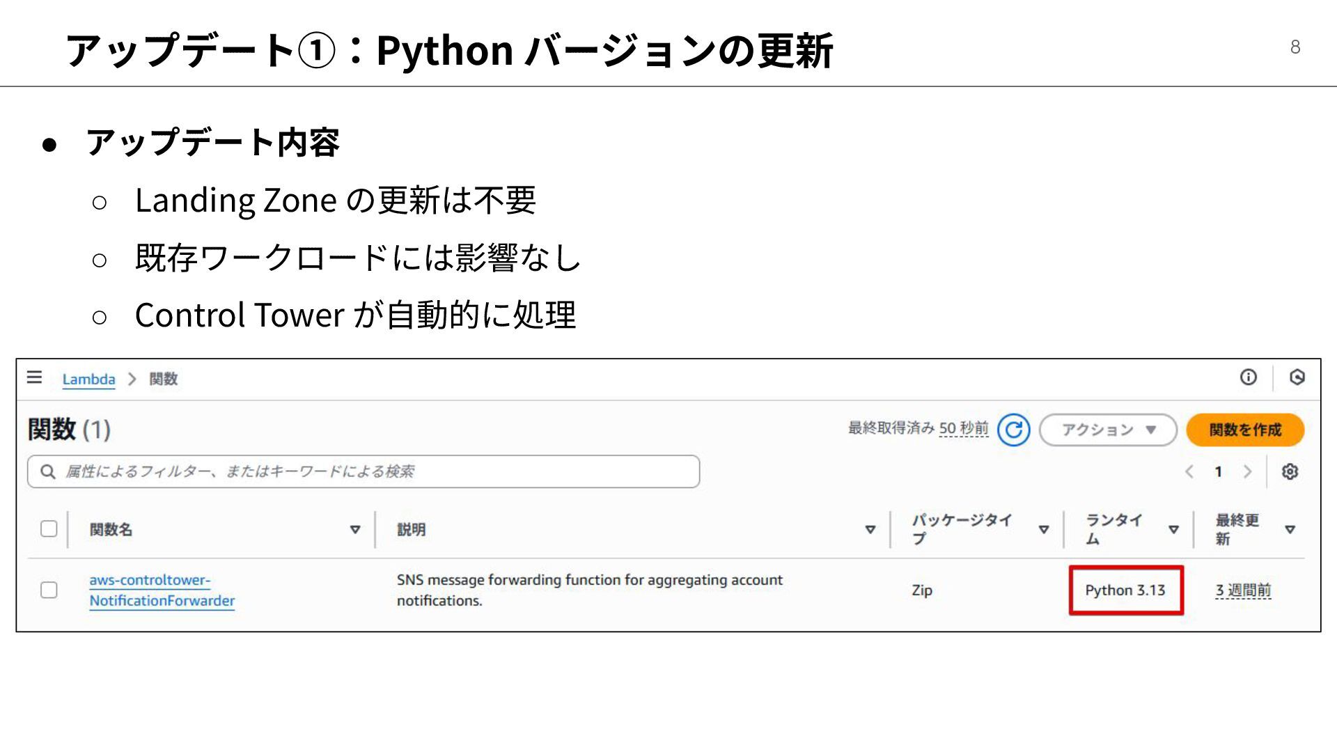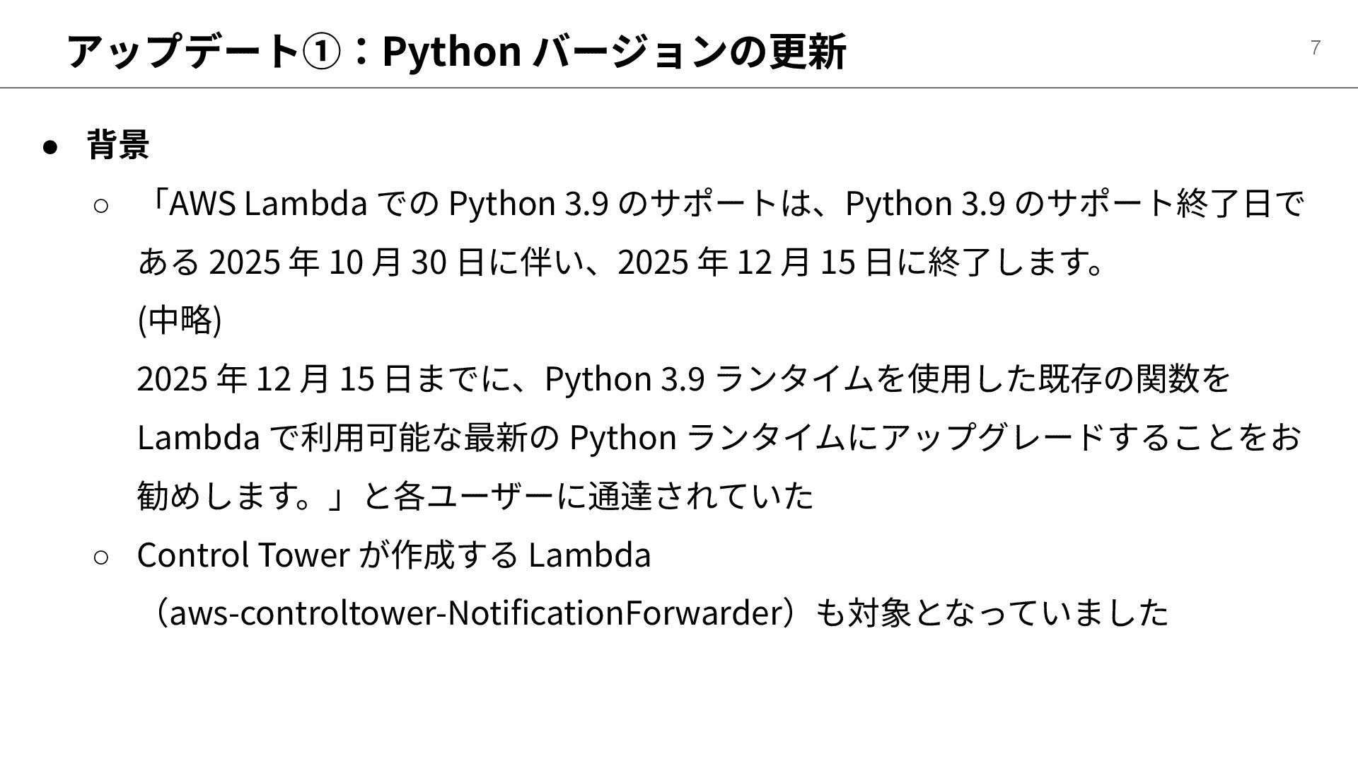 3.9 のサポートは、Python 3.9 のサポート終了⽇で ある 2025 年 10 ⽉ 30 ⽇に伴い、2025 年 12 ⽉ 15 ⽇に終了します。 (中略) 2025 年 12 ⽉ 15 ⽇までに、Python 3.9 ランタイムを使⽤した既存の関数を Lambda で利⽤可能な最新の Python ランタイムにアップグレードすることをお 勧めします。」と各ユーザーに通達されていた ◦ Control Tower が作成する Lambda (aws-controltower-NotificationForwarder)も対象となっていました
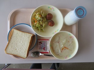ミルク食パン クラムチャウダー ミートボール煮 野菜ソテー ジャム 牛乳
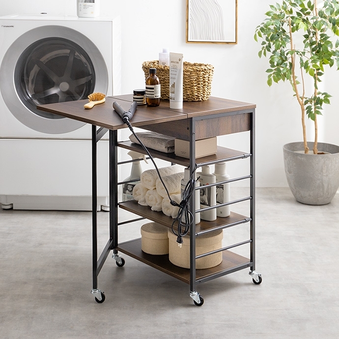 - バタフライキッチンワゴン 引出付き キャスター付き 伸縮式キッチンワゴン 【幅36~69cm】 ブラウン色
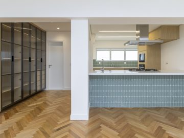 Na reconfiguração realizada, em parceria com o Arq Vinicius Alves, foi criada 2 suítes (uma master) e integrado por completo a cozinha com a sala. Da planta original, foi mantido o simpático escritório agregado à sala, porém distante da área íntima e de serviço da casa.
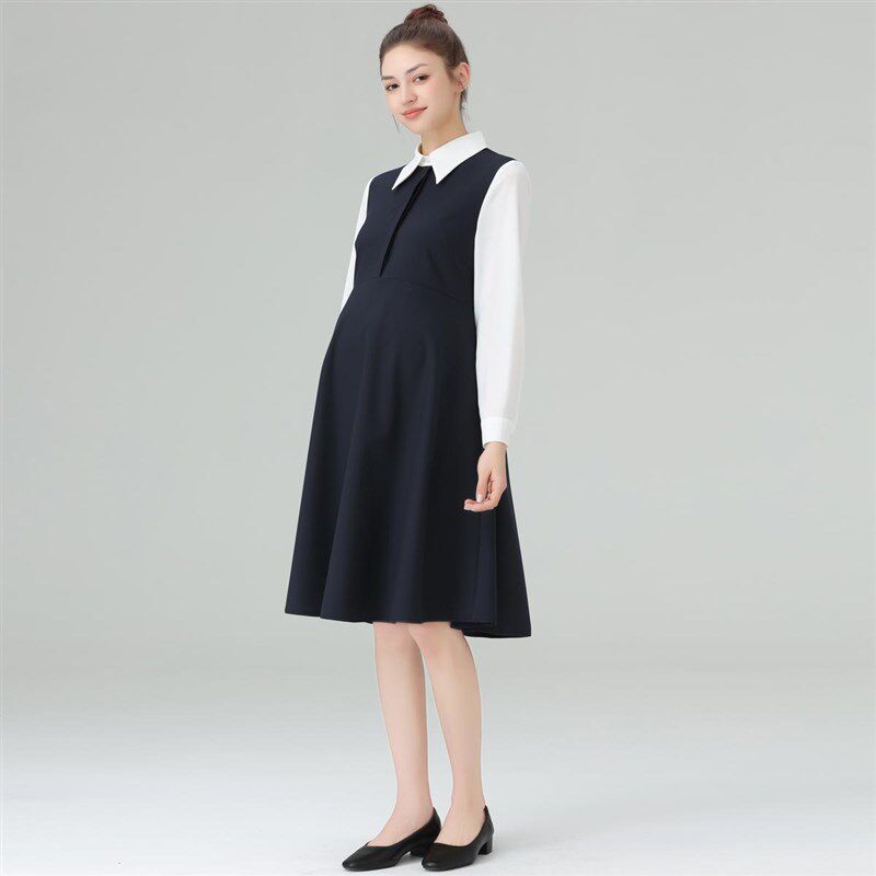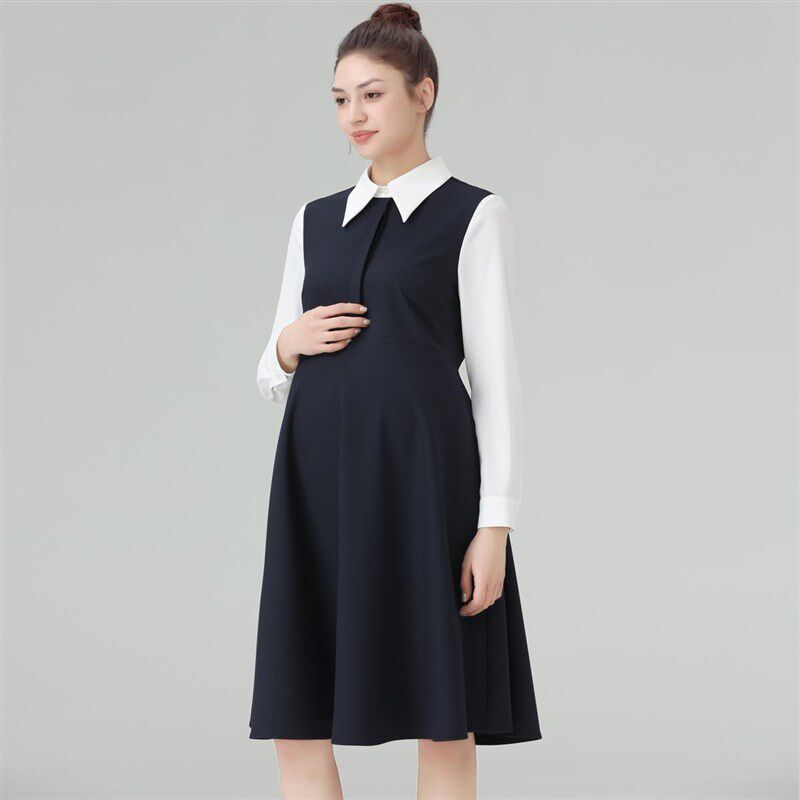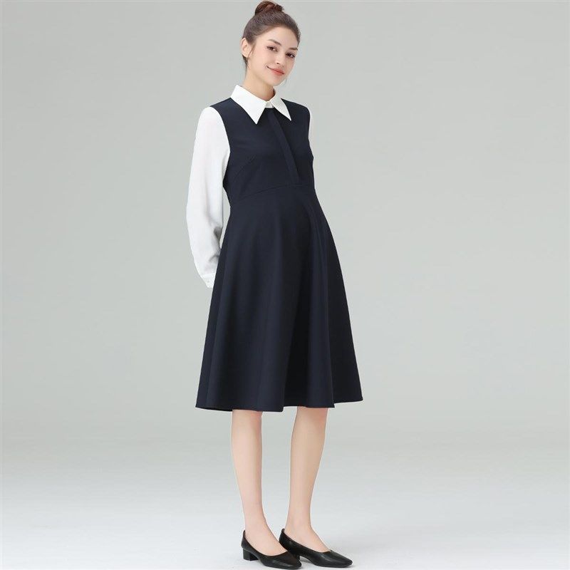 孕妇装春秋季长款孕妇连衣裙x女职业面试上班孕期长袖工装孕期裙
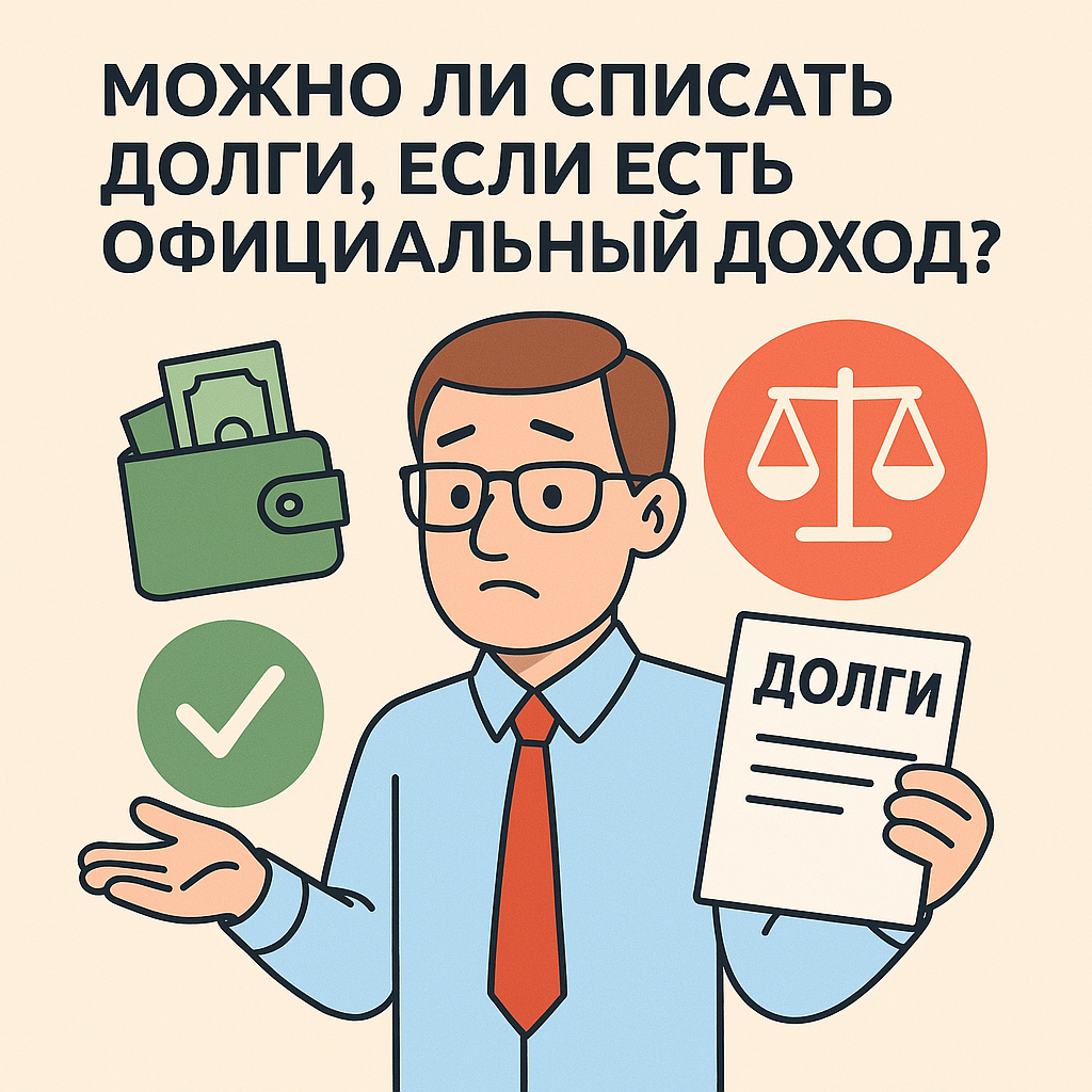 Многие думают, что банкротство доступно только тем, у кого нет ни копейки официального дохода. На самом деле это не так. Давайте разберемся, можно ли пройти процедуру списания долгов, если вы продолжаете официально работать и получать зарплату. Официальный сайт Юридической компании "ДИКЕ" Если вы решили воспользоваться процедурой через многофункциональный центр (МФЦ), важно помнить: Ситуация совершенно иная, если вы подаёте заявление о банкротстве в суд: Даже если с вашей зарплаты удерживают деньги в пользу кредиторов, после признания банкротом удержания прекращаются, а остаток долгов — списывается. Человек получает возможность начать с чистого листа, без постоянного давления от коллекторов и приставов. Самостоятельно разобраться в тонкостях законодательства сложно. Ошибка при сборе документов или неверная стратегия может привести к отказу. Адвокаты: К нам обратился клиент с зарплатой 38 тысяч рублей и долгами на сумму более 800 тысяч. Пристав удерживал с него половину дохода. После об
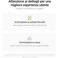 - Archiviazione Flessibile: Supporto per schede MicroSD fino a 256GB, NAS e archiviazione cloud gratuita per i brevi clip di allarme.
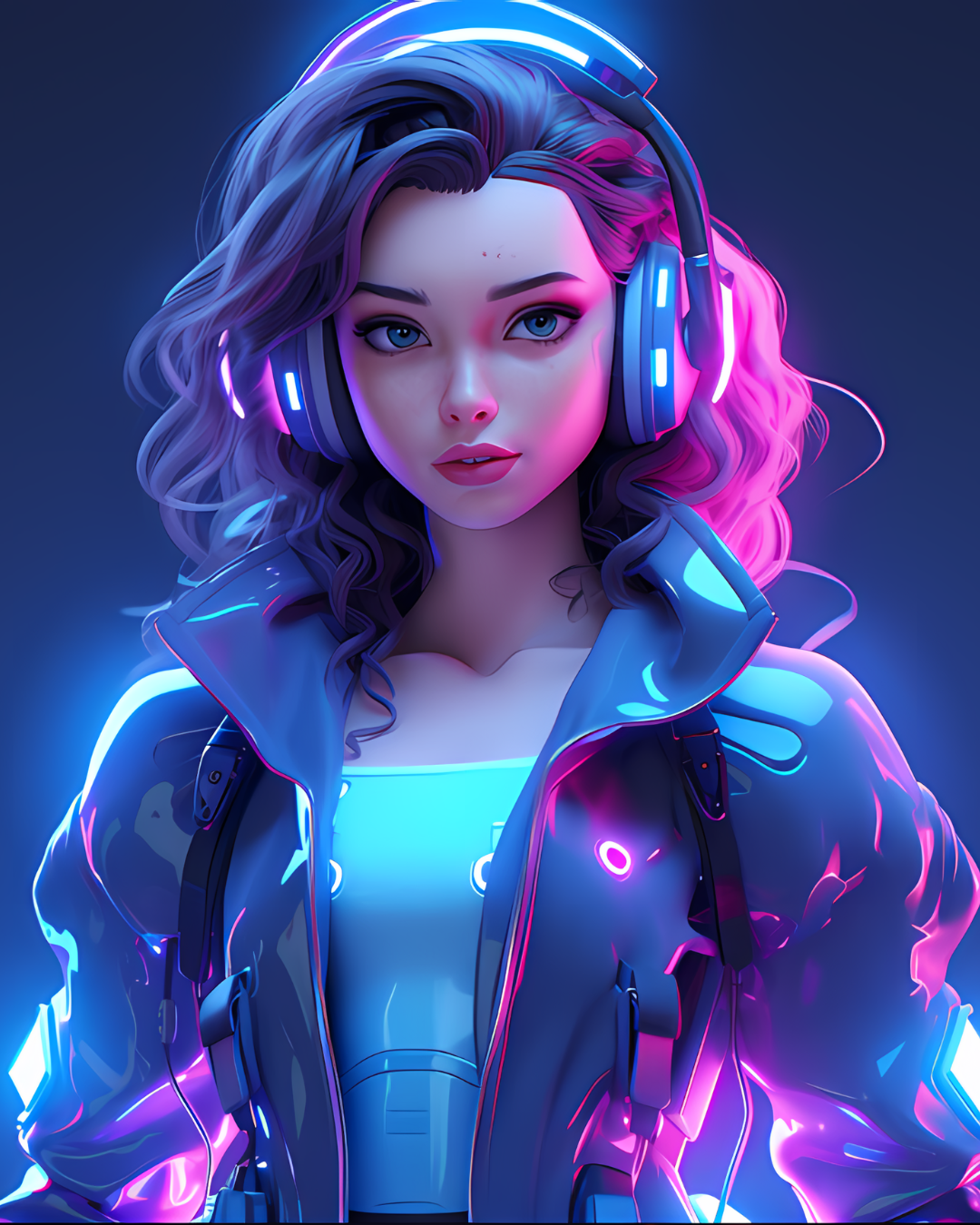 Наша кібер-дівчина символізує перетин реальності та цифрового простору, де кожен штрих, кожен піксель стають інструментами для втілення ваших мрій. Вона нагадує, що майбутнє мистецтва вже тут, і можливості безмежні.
* * * *
## Problem requirements
Your answer should be the lines from the opening of the records through the line with "- バタフライキッチンワゴン 引出付き", both ends retyped exactly and pictures left out.

## Answer to this task
 3.9 のサポートは、Python 3.9 のサポート終了⽇で ある 2025 年 10 ⽉ 30 ⽇に伴い、2025 年 12 ⽉ 15 ⽇に終了します。 (中略) 2025 年 12 ⽉ 15 ⽇までに、Python 3.9 ランタイムを使⽤した既存の関数を Lambda で利⽤可能な最新の Python ランタイムにアップグレードすることをお 勧めします。」と各ユーザーに通達されていた ◦ Control Tower が作成する Lambda (aws-controltower-NotificationForwarder)も対象となっていました
ミルク食パン クラムチャウダー ミートボール煮 野菜ソテー ジャム 牛乳
 - バタフライキッチンワゴン 引出付き キャスター付き 伸縮式キッチンワゴン 【幅36~69cm】 ブラウン色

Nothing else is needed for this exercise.